Correcting Heteroskedasticity

Heteroskedasticity occurs when one subpopulation has more variability than another.  This heteroskedasticity can affect the precision of regression coefficients.  However, can one use weighting to correct heteroskedasticity?  The authors state:

Now  suppose  that  one  estimates  that  population  regression  by  performing ordinary  least  squares  (OLS)  estimation  of  the  regression  of  log  earnings  on  the  race dummy, years of schooling, and a quartic in potential earnings for black and white male household heads in the PSID sample…this estimate [the coefficient on the race dummy] might be distorted by the PSID’s oversampling of low-income households, which surely must lead to an unrepresentative sample with respect to male household heads’ earnings…one  can  apply  a  reverse  funhouse  mirror  by  using  weights.    In particular, instead  of applying ordinary (i.e., equally weighted) least squares to the sample regression, one can use weighted least squares (WLS), minimizing the sum of squared residuals weighted by the  inverse  probabilities  of  selection.

Compared to Wyoming,  California  offers many more observations of the individual-level decision of whether or not to divorce, and therefore it seems at first that weighting by state population should lead to more precise coefficient estimation.  And yet, for the specification shown in Table 1, it appears that weighting by population harms the precision of estimation.

In many cases, however, using WLS actually harms the precision of the estimates.  This occurs because “…in many practical applications, the  assumption  that  the  individual-level  error  terms vij are independent  is  wrong.  Instead, the individual-level error terms within a group are positively correlated with each other because they have unobserved group-level factors in common.  In current parlance, the individual-level  error  terms  are  ‘clustered.’”  Thus the true individual error term may be better modelled as:

  • vij = ci + uij

where j indexes individuals and i indexes the groups. The cluster level variance causes the WLS to be relatively imprecise.

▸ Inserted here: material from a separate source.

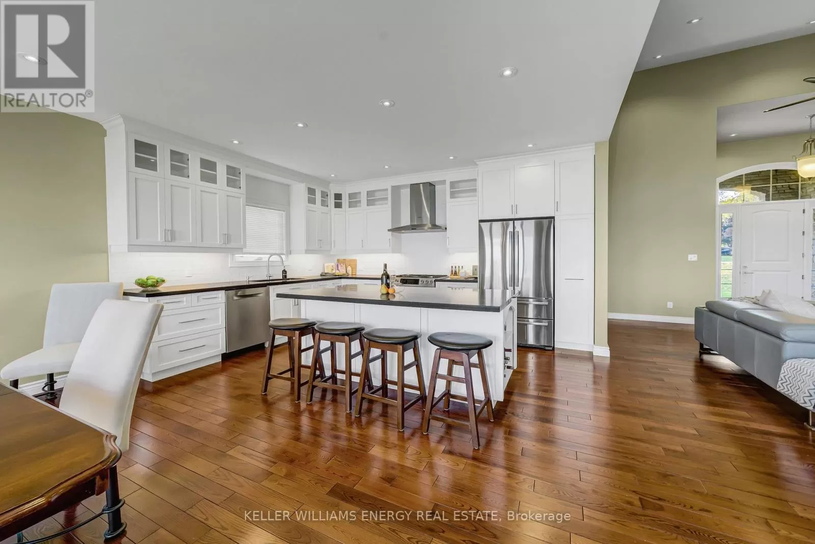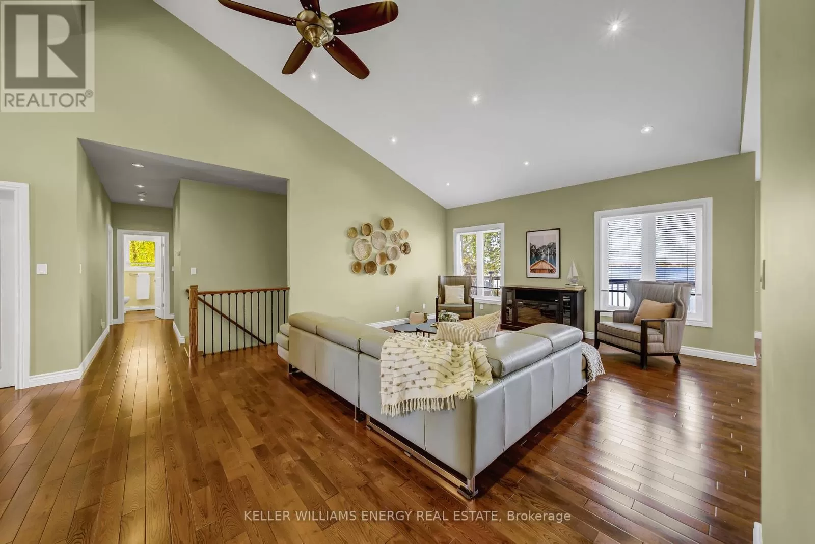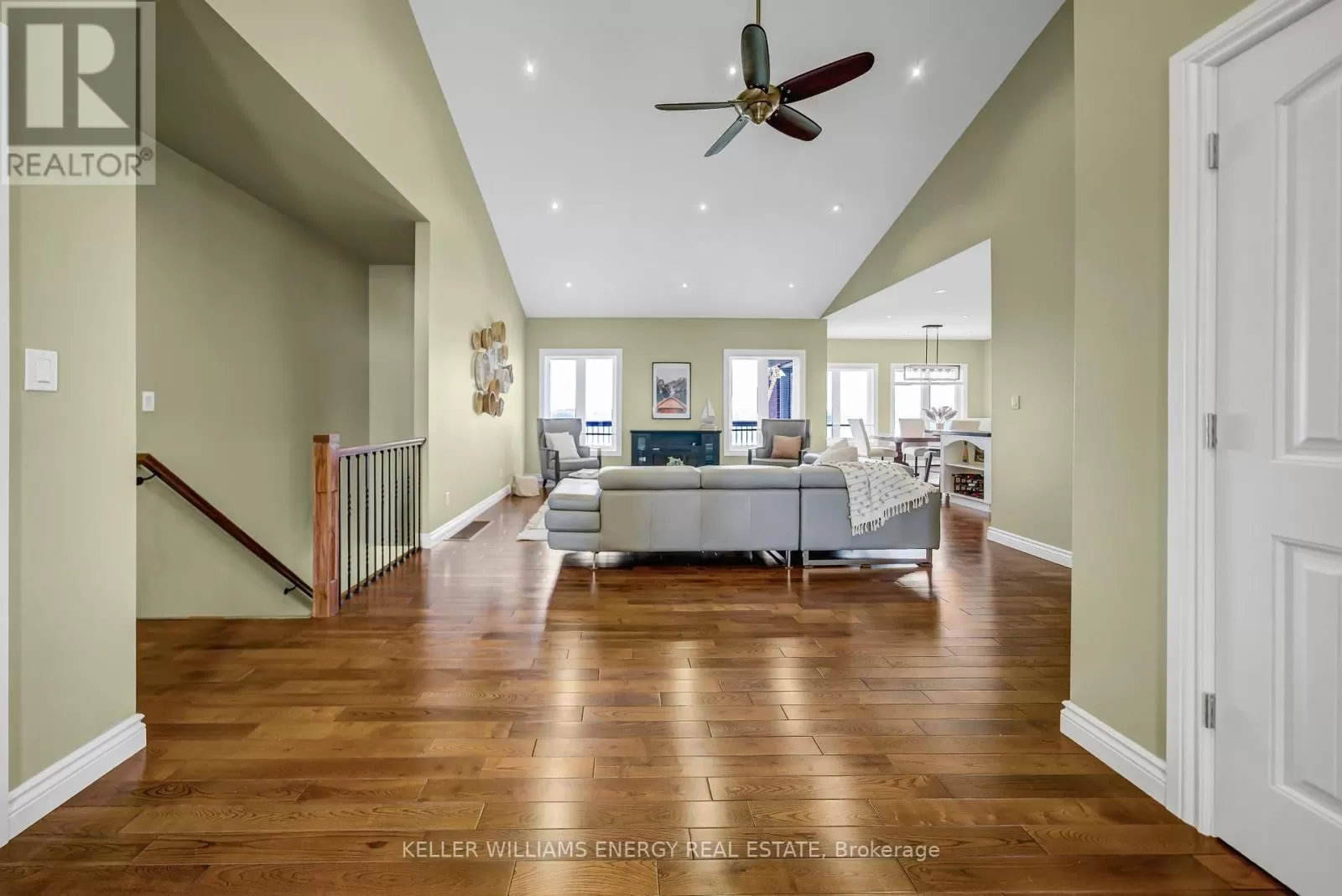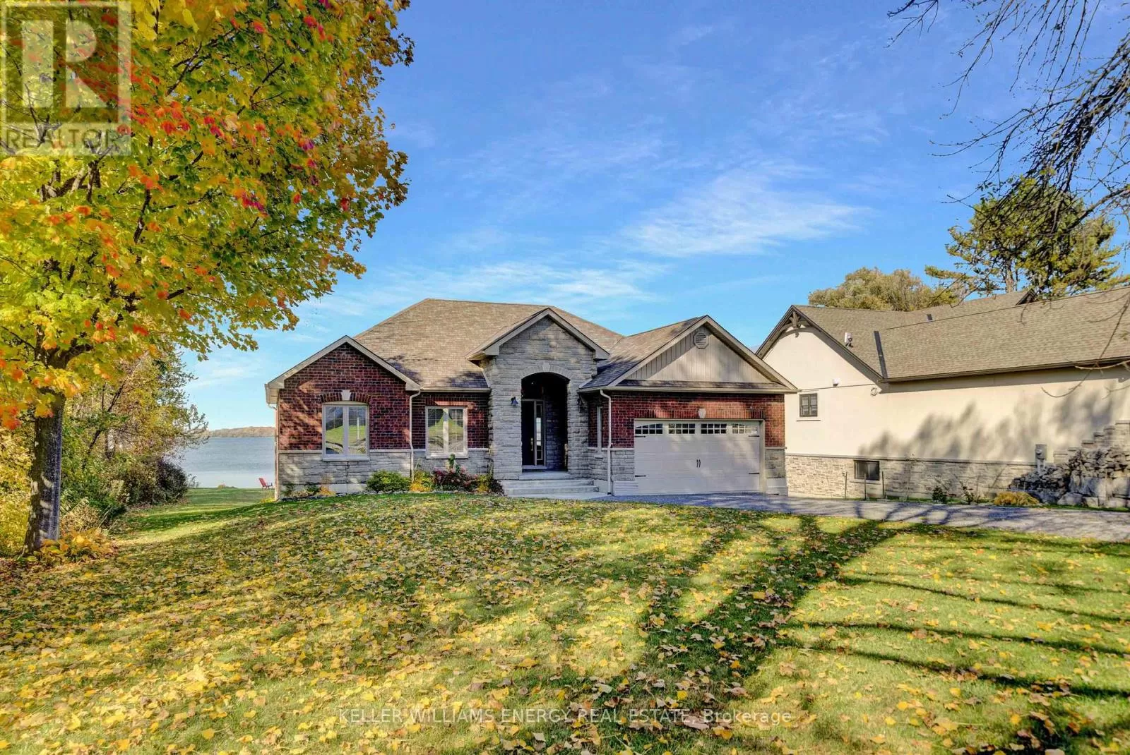 Cross Streets: County Rd 7 & Prinyers Cove Crescent. ** Directions: County Rd 7 to Prinyers Cove Crescent to Prinyers Drive. Welcome to this meticulously crafted custom brick and stone waterfront home on the shores of Adolphus Reach in beautiful Prince Edward County. Built with superior finishes and exceptional attention to detail, this residence showcases timeless craftsmanship throughout. Soaring cathedral ceilings and 9-ft main-floor ceilings set a grand tone, while sweeping, unobstructed water views create a serene backdrop for everyday living. The thoughtful floor plan (approximately 3000 sq ft of total living space) includes a spacious home office, with a well-organized mudroom, pantry, and laundry area at the garage entry keeping the home practical and clutter-free. At the heart of the home lies a custom Laurier kitchen with gleaming quartz counters, a stylish tiled backsplash, and premium Bosch stainless steel appliances. The oversized island invites gatherings and makes entertaining a joy. Step outside to the deck for morning coffee or cocktails at sunset, all while overlooking the clear, pristine waterfront. The main floor offers two bedrooms and two full bathrooms. The primary suite features a large walk-in closet with built-ins and a spa-like ensuite with a hydra-air tub and premium fixtures. The newly finished walk-out basement extends the living space with two additional bedrooms, a full bathroom, and a versatile open area perfect for a theatre room, games space, gym or even an in-law suite. This flexible design adapts easily to multi-generational living or hosting guests in comfort. Outdoors, the crystal-clear shoreline invites swimming, paddling, and endless enjoyment. Evenings by the campfire or days on the water become part of everyday life. Your own private boat launch makes it easy to set off on adventures across the Bay of Quinte and Lake Ontario, with a residents waterfront nearby adding to the lifestyle appeal. This is more than a home - it's a sanctuary where luxury meets lakefront living. Rarely do properties combine such comfort, elegance, and natural beauty. (id:27476)

What should one do to address heteroskedasticity in this case?

One way to go is to…use  the  OLS  residuals  to  perform  the standard  heteroskedasticity  diagnostics  we  teach  in  introductory  econometrics.    For example,  in  this  situation,  the  modified Breusch-Pagan test  described  in  Wooldridge (2013, pp. 276-8) comes down to just applying OLS to a simple regression of the squared OLS residuals on the inverse within-group sample size 1/Ji, [where J is the size of a the group to which observation i belongs.]  The significance of the t-ratio for the coefficient on 1/Ji indicates whether the OLS residuals display significant evidence of heteroskedasticity… A  remarkable  feature  of  this  test  is  that  the estimated  intercept  consistently  estimates (σc)2,  and  the  estimated  coefficient  of 1/Ji consistently estimates (σu)2.

Other recommendations include:

  • Due to inevitable uncertainty about  the  true  variance  structure, report heteroskedasticity-robust standard error estimates.
  • Report both weighting and unweighted estimates since the differences between OLS and WLS estimates can be used as a diagnostic for model misspecification or endogenous sampling

Endogenous Sampling

Endogenous sampling occurs when the criteria used to create the sample are correlated with the error term of one’s regression.  For instance, if one conducted an earnings regression of various (exogenous) factors on income using PSID data, the resulting coefficients would be inconsistent because income itself is used to determine which individuals participate in the survey. [The PSID oversamples low-income individuals].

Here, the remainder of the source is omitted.